Escucha recomendada: Zoé, “Vía láctea”

Aprovechando las festividades vale la pena destacar una de las funciones más importantes de la música: su capacidad para enmarcar y evocar experiencias compartidas. Generalmente comienza en la infancia cuando un familiar o amigo nos comparte el gusto por una canción o artista. Este hecho, en apariencia insignificante, representa la primera de muchas veces en las que utilizaremos lo musical como recurso para detonar nuevas formas de socialización.
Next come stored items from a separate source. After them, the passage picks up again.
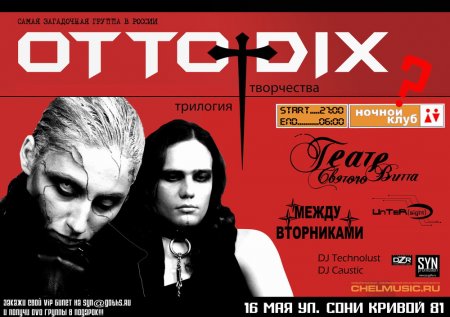 В эту ночь тебя будут ждать великолепные OTTO DIX со своей новой уникальной концертной программой. Но не они одни. Мы приготовили целый взрывной коктейль исполнителей. Это "Между Вторниками" - романтичный синти-рок, это "Театр Святого Витта" - Екатеринбургские гости, играющие декаданс-индастриал, это "UnTeR[sight]" - первые герои Челябинской индустриальной сцены, это готик-индустриальные диджеи - Dj Caustic и Dj TechnoLust, которые зажгут танцпол своими ураганными сетами.
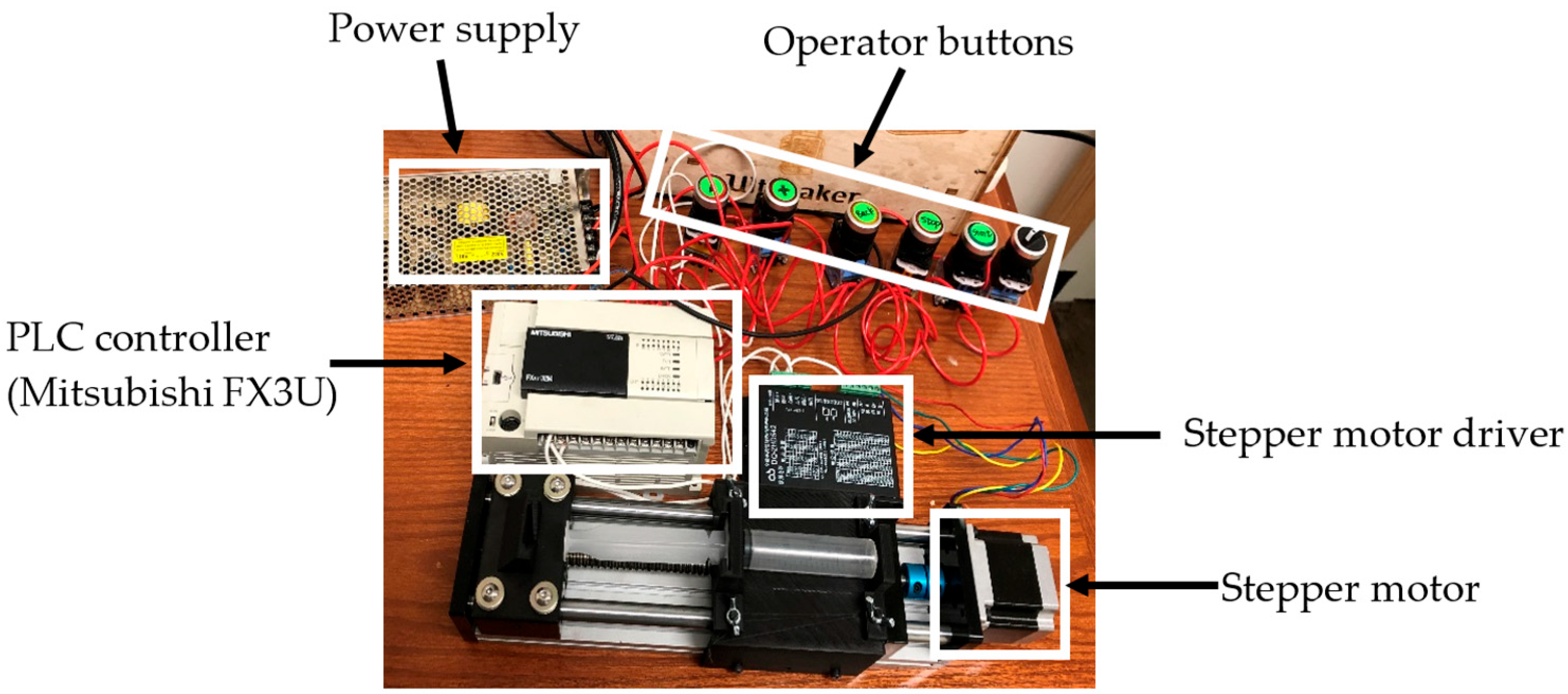 In Design #3, extrusion actuation was separated from gantry motion using a decoupled control architecture. The original printer controller continued to command XYZ motion, while a PLC drove the syringe stepper motor. The PLC program implemented operator controls for acceleration, deceleration, start, stop, homing, and direction switching through dedicated inputs, allowing the extrusion rate to be tuned to ink rheology without altering motion firmware. The PLC and drive electronics were integrated with the remote piston-driven module so that force generation was offloaded from the printhead, preserving working volume on the modified desktop FDM frame.
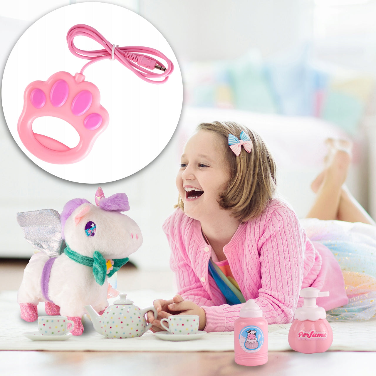 Šis unikalus vienaragis siūlo ne tik minkštą prisilietimą, bet ir tikrą interaktyvumo patirtį. Atsukite galvos ir uodegos mygtuką, ir stebėkite, kaip jūsų vienaragis pradeda judėti! Jis žengia pirmyn, siūbuoja uodegytę ir skleidžia nuostabius žirgo garsus, imituodamas tikrą pasijodinėjimą. Kad žaidimas būtų dar įdomesnis, komplekte yra patogus pultelis, pagamintas mielos letenėlės formos. Jį galima pritvirtinti prie vienaragio nugaros, leisdamas vaikui lengvai valdyti savo stebuklingąjį draugą. Tai puiki galimybė lavinti vaiko koordinaciją ir atsakomybės jausmą, prižiūrint savo virtualų augintinį.
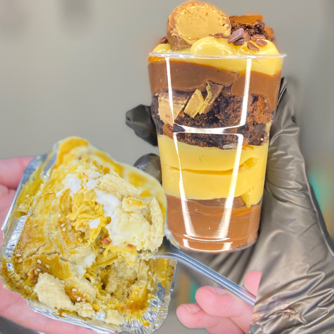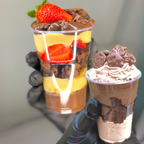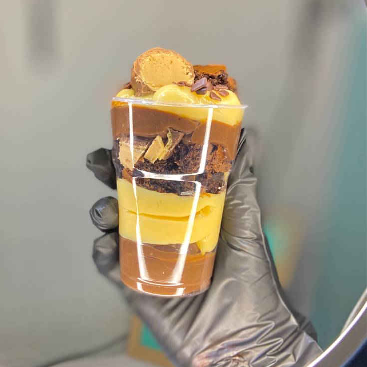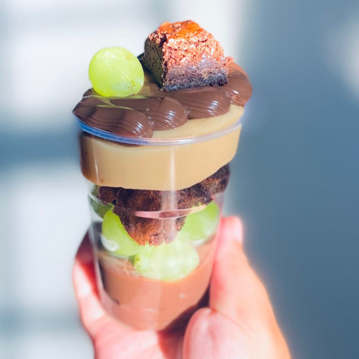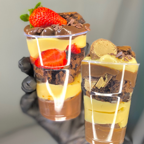 Uma explosão de sabor para os verdadeiros chocólatras! Começamos com uma cremosa mousse de Ovomaltine Rocks, cheia de crocância e sabor único. Em seguida, camadas generosas de brownie artesanal super macio, intercaladas com o sabor marcante da Nutella. O toque especial fica por conta do nosso brigadeiro gourmet de chocolate 50% cacau, que equilibra perfeitamente o doce com intensidade. Para fechar com chave de ouro, uma chuva de Ovomaltine Rocks no topo, trazendo aquela crocância irresistível em cada colherada.
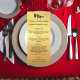 Julmiddagsmeny kort. Anpassa och lägg till namn/händelse, datum och menyn. En falsk guldliknande bakgrund, svart text.
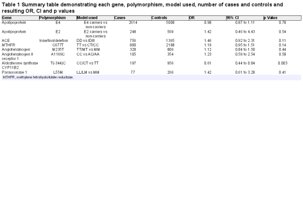 Our initial search identified 1248 studies with 20 additional records from references of relevant articles. Removal of duplicates and matches to our predefined inclusion and exclusion criteria resulted in 43 studies which had available data for meta-analysis interrogating nine polymorphisms in 10 different genes (figure 1). The majority used MRI to assess WMH in (mostly Caucasian) participants aged between 60 and 80 years. Most of the genes studied were involved in the renin-angiotensin-aldosterone system (ACE, angiotensinogen (AGT), angiotensin II receptor 1, aldosterone synthase). The other identified genes had roles in Hcy levels (MTHFR), antiatherosclerosis (paraoxonase 1) and cholesterol regulation (apolipoprotein E). Other gene polymorphisms studied were brain-derived neurotrophic factor/Val66Met and nitric oxide synthase 3/G894T, but some studies had yet to be replicated and others did not have data available for meta-analysis (table 1).
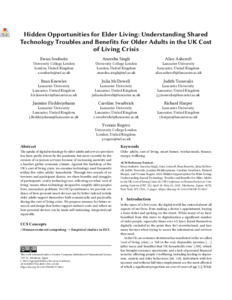 Title: | Hidden Opportunities for Elder Living: Understanding Shared Technology Troubles and Benefits for Older Adults in the UK Cost of Living Crisis |
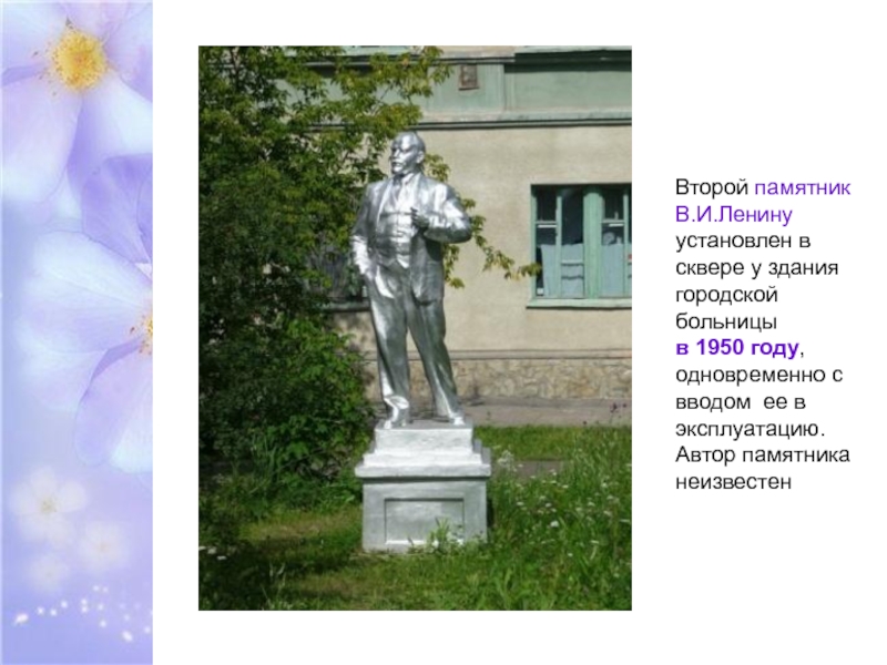 Слайд 5Второй памятник В.И.Ленину установлен в сквере у здания городской больницы
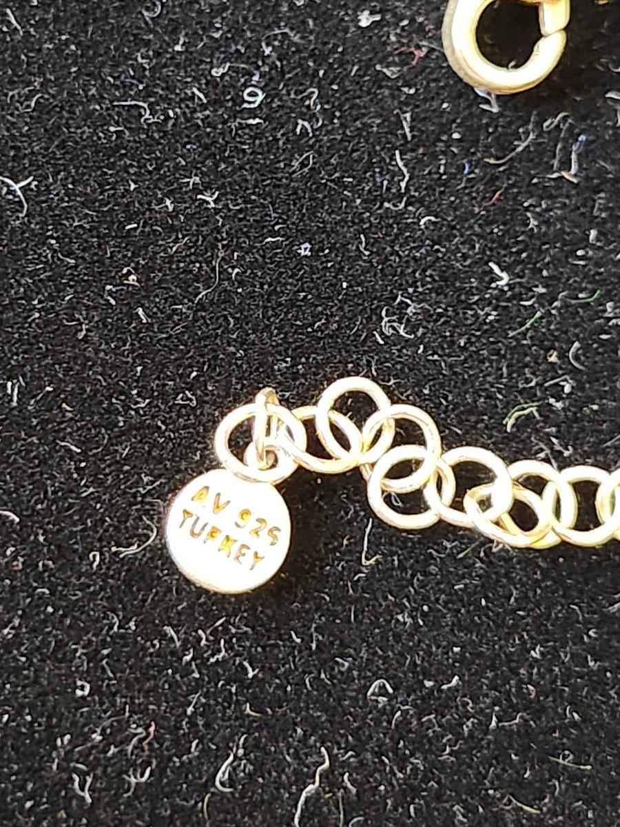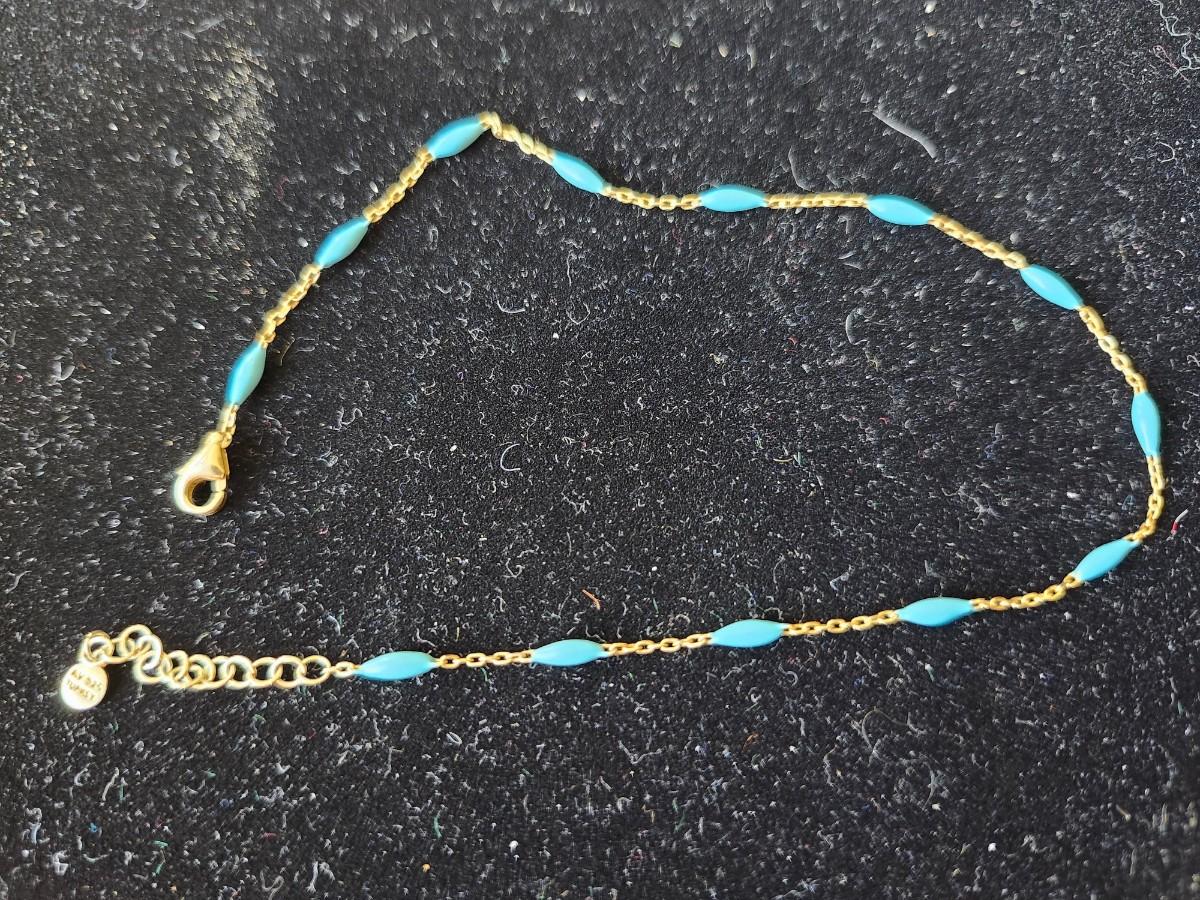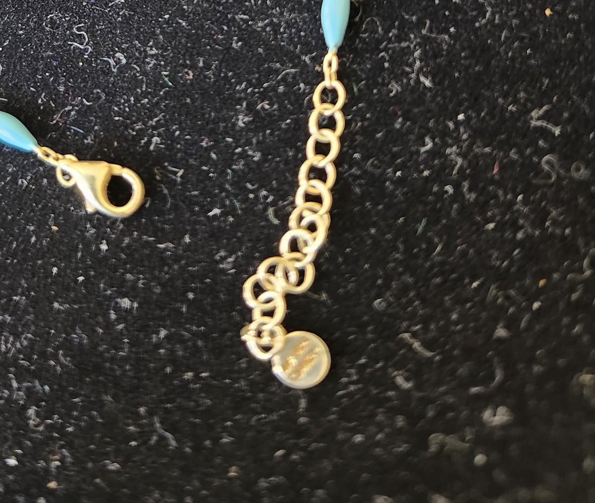 the chains between the beads tests at 10L gold. The beads are probably turquoise. The catch is marked
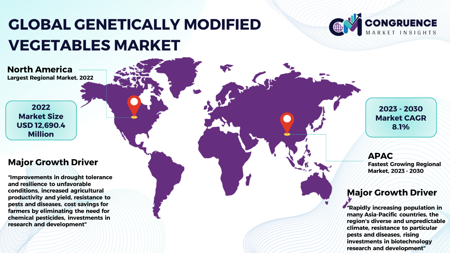 With a market share of 39.7% and a value of USD 12,690.4 million, North America leads the world's genetically modified vegetable industry. Improvements in drought tolerance and resilience to unfavorable conditions, increased agricultural productivity and yield, resistance to pests and diseases, cost savings for farmers by eliminating the need for chemical pesticides, investments in research and development, sustainable agricultural practices, and many other factors are what propel the market in this region. The Asia-Pacific area has shown the fastest development rate in the global market for genetically modified vegetables, with a compound annual growth rate of 8.1%. The region's primary contributors include the rapidly increasing population in many Asia-Pacific countries, the region's diverse and unpredictable climate, which poses challenges to traditional agriculture, resistance to particular pests and diseases, rising investments in biotechnology research and development, genetically modified vegetables (GM) with higher vitamin and mineral content, improved water-use efficiency and tolerance to water stress, and affordable ways to increase productivity, cut losses, and improve overall agricultural sustainability.
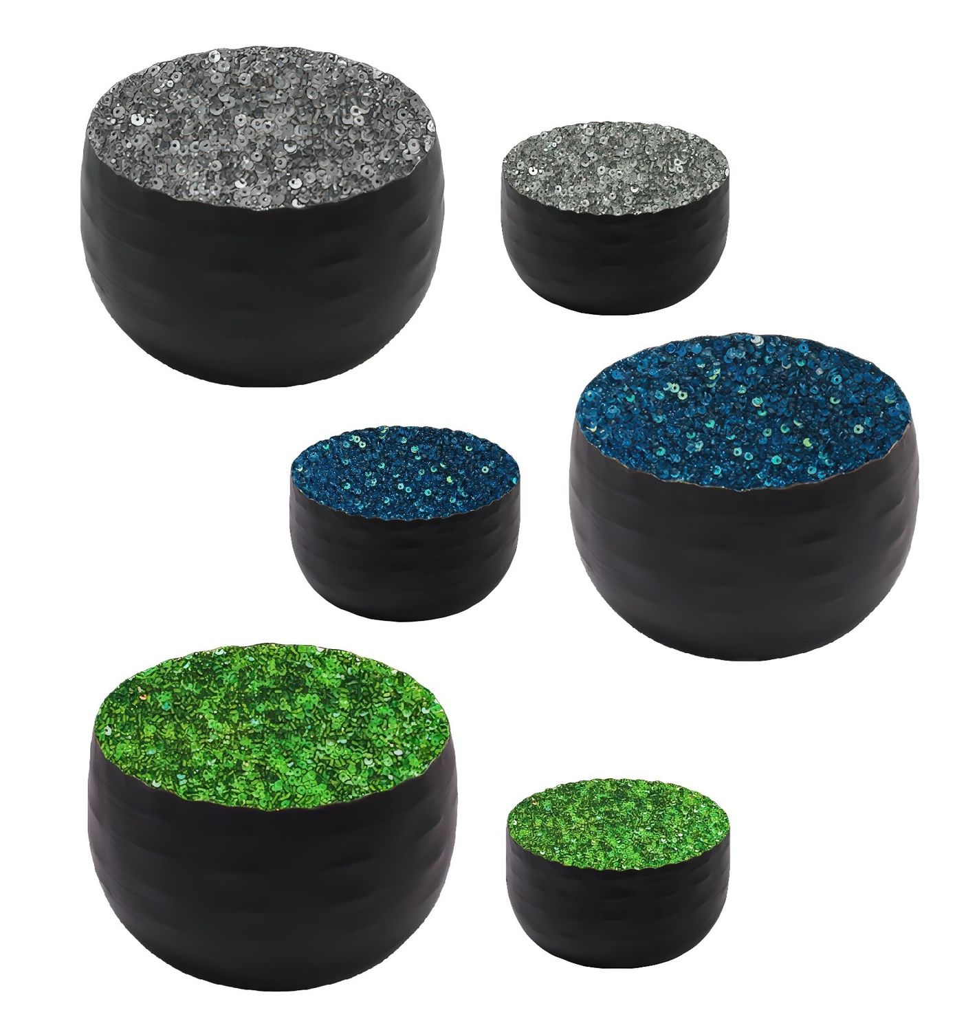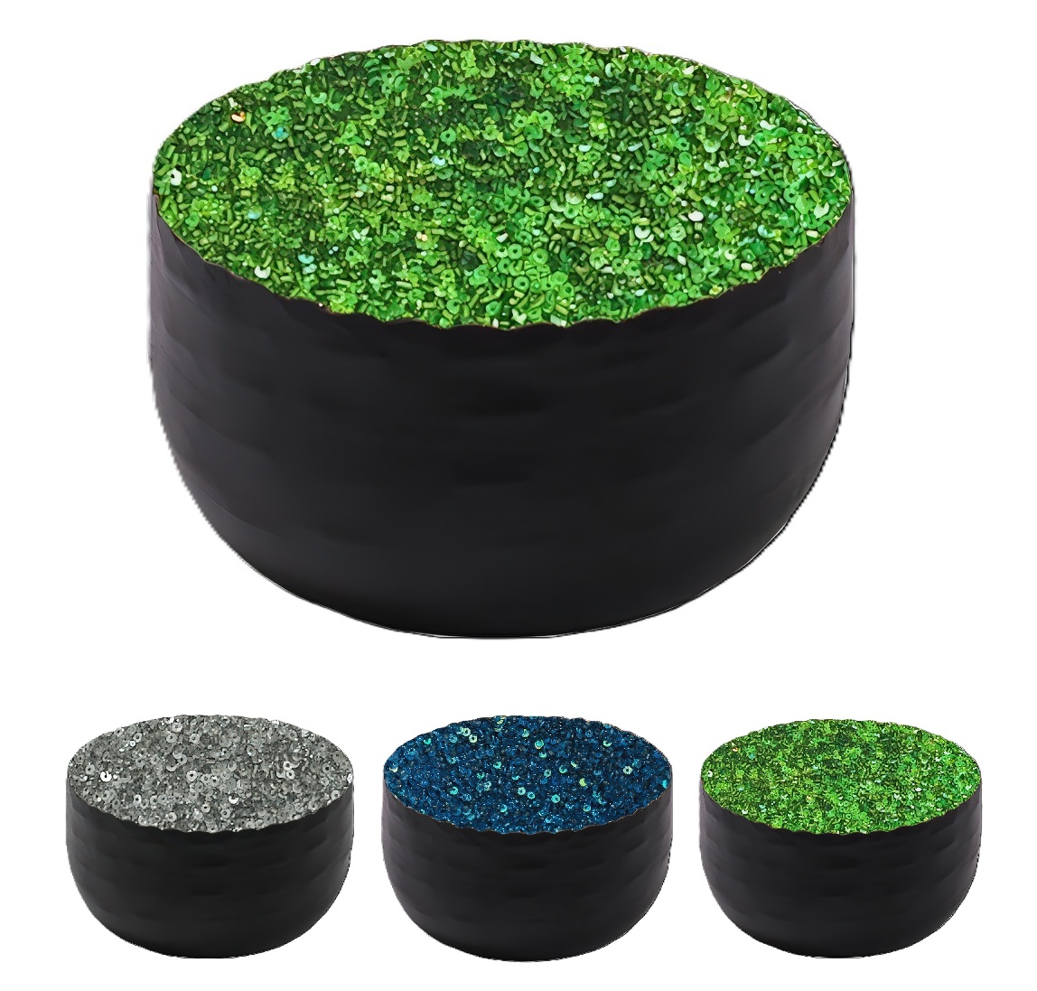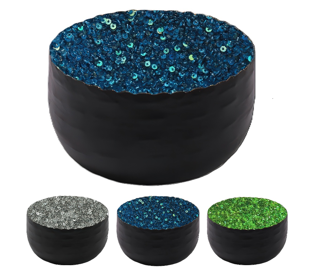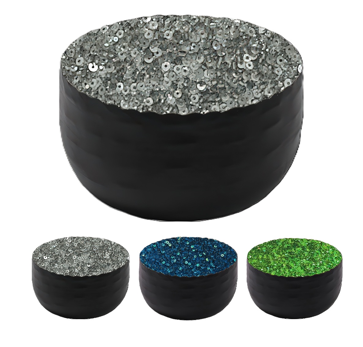 Elegante Dekoschale mit mattschwarzer Außenseite und glitzernder Pailletten-Innenseite.

A medida que crecemos consolidamos un gusto propio a partir de la interacción con familiares, amistades, parejas, desconocidos e incluso con los contenidos de diversos medios de comunicación y con los algoritmos de algunas herramientas digitales. Si bien durante la infancia vivimos experiencias que generan improntas que repercuten en la manera en la que valoramos culturalmente algo (Rapaille, 2007, pp. 13-29), es en la adolescencia cuando desarrollamos nuestra personalidad (Jarrett, 2018), y a la par configuramos nuestro gusto y la necesidad de buscar nueva música y vivencias para enriquecerlo. Se ha identificado que actualmente este proceso llega a su clímax alrededor de los 24 años, y al superar los 30 se tiende a activarlo que se ha descrito como una “parálisis musical”: cuando por diversos factores perdemos el interés y la motivación por descubrir nueva música (Holbrook, 2018).

Sin importar nuestra edad o gustos, la música siempre enmarca infinidad de momentos compartidos, además de activar su rememoración. Es muy probable que haya alguna canción o artista que nos remita a nuestro primer noviazgo (¡te maldigo Fey!), así como a nuestro primer beso o a nuestra primera ruptura. La música tiende a estar presente en las primeras experiencias de socialización: fiestas y salidas con amigos. Y con los años esto aumentará exponencialmente a medida que conozcamos a nuevas personas y nos enfrentemos a nuevas situaciones sociales, dándolo prácticamente por sentado.

Las experiencias musicales compartidas refuerzan lazos con nuestros seres queridos. Recuerdo las horas que durante mi infancia estuve de colado con mi hermano mayor y sus amigos mientras descubrían las bandas que marcaron su adolescencia: Megadeth, Metallica, Anthrax, Slayer o Sepultura. De igual manera, tengo presente cuando en mi propia infancia y adolescencia hice lo mismo con amigos al escuchar varios grupos como Caifanes, Fobia, Maldita Vecindad, Mr. Bungle, Primus, Korn o Deftones. Y recuerdo cuando pude compartir retroactivamente la experiencia musical de la juventud de mi madre al acompañarla a un concierto de Paul Anka, o las veces que llegamos a bailar rock & roll en alguna celebración. Si queremos recordar momentos importantes de nuestra vida lo más seguro es que incluyan referentes musicales.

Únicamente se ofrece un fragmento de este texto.